The Wild Way Home by Sophie Kirtley


Published by Bloomsbury, 2020.

The Wild Way Home is a fantastic Stone Age time-slip adventure. The opening scene is one of the best I’ve read in a long time. It begins in the middle of action and very cleverly leads the reader into thinking they’re witnessing something very different to what is actually taking place. This passage could be used to great effect in class.

The Wild Way Home is the story of 12-year-old Charlie Merriam who finds himself whisked back in time to the Stone Age. The setting remains the same, Mandel Forest – the wood near where he lives – only now the trees are thicker and the wildlife is very different. Charlie hasn’t been there long when he stumbles upon Harby, a Stone Age boy. He’s injured and Charlie helps him by bandaging his wound. After some uncertainty and mistrust, the two boys become friends.

I liked how there are parallels between the two boys, even though they are from times thousands of years apart. Both boys have baby siblings in need of protection; Charlie’s new baby brother has been born with a heart problem and Harby’s sister is missing. And both Charlie and Harby are running from something that frightens them.

What particularly struck me about Sophie Kirtley’s writing were her wonderful descriptions, especially of the natural world:

“A cloud of ragged crows rise like witches’ handkerchiefs from a tall tree.”

She is able to convey the beauty and the force of the wild. I liked how she portrayed a landscape that was familiar to Charlie, but also very different to what he knew.
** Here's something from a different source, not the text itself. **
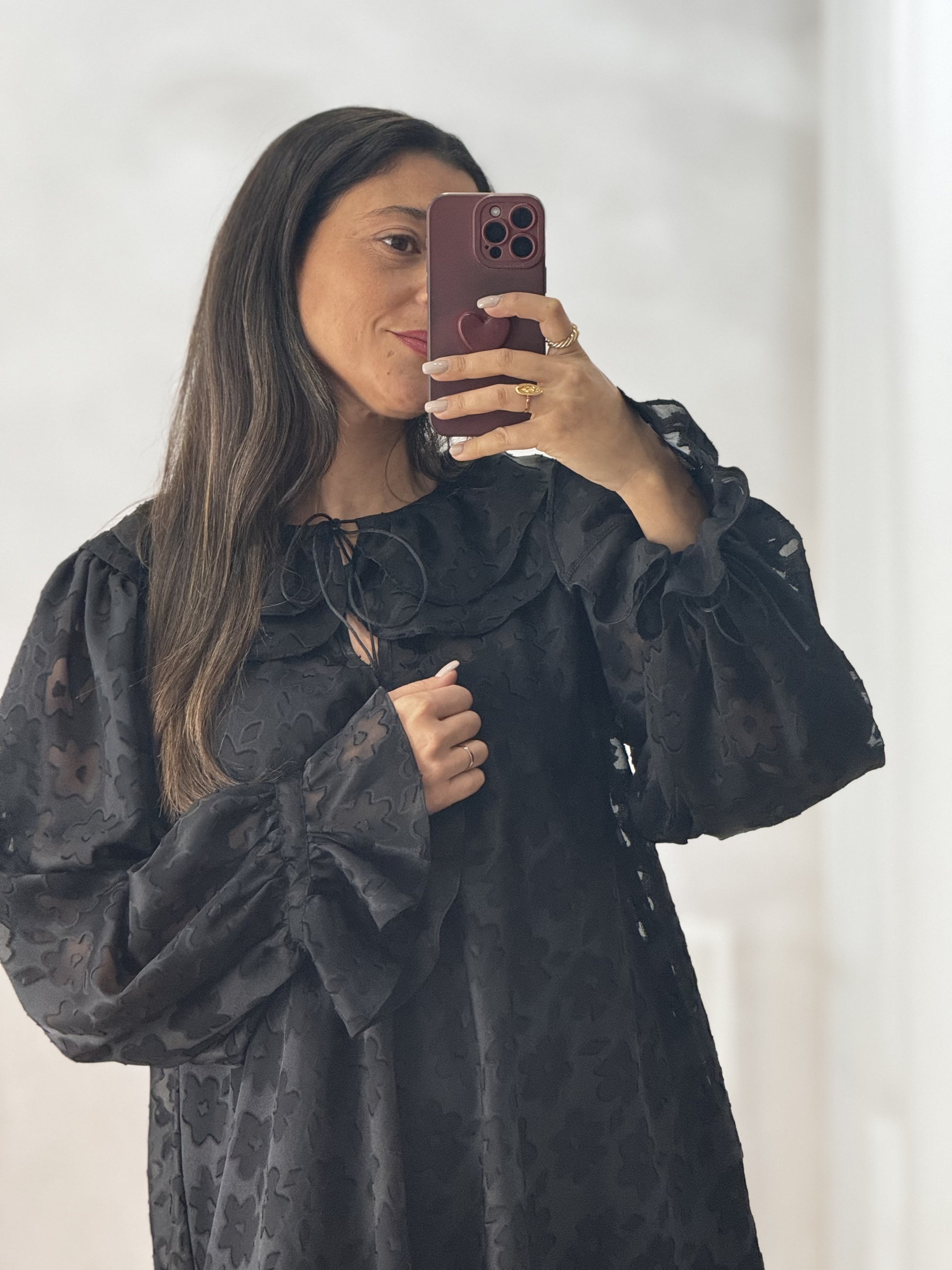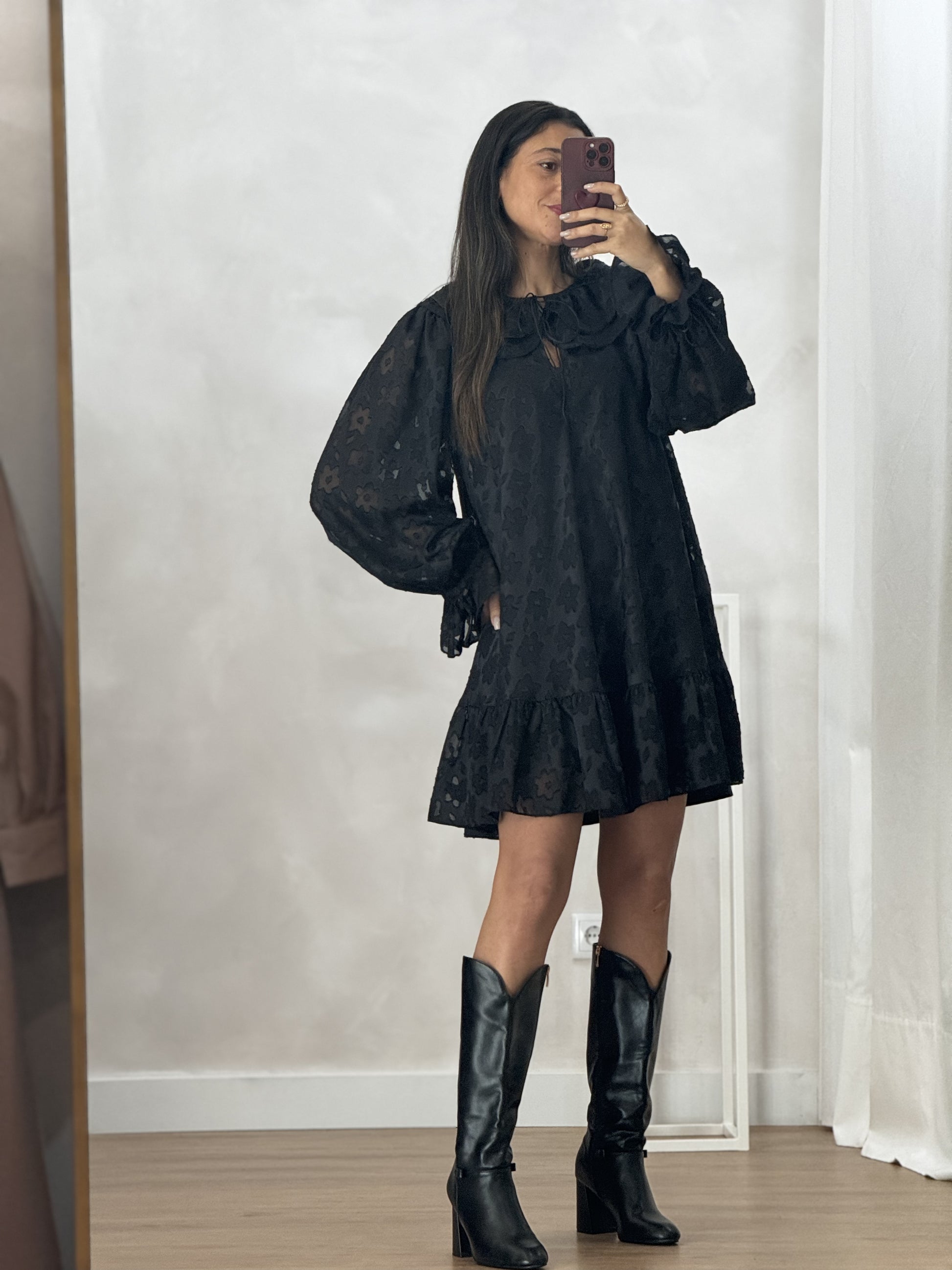 Vestido curto em tecido translúcido texturado com motivos florais opacos, acabamento fluido e mangas largas com punho elástico e gola dupla com laço discreto no decote. Inclui vestido interior liso.

With her descriptions of cave paintings, primitive tools and early language, Sophie has captured the Stone Age era very well.

The Wild Way Home is an exciting story, full of peril. There are lynx, wolves and eagles not to mention a shadowy figure lurking just out of sight. Charlie faces danger at every turn and must quickly learn how to survive in this new world. It’s a story of brotherly love and friendship and discovering how to cope with “things [that] are just too big… too big to know what to do with.”

Rating: 💙💙💙💙💙

Suitable for children aged 8+

Thank you to Bloomsbury for providing me with an electronic version of this book via NetGalley.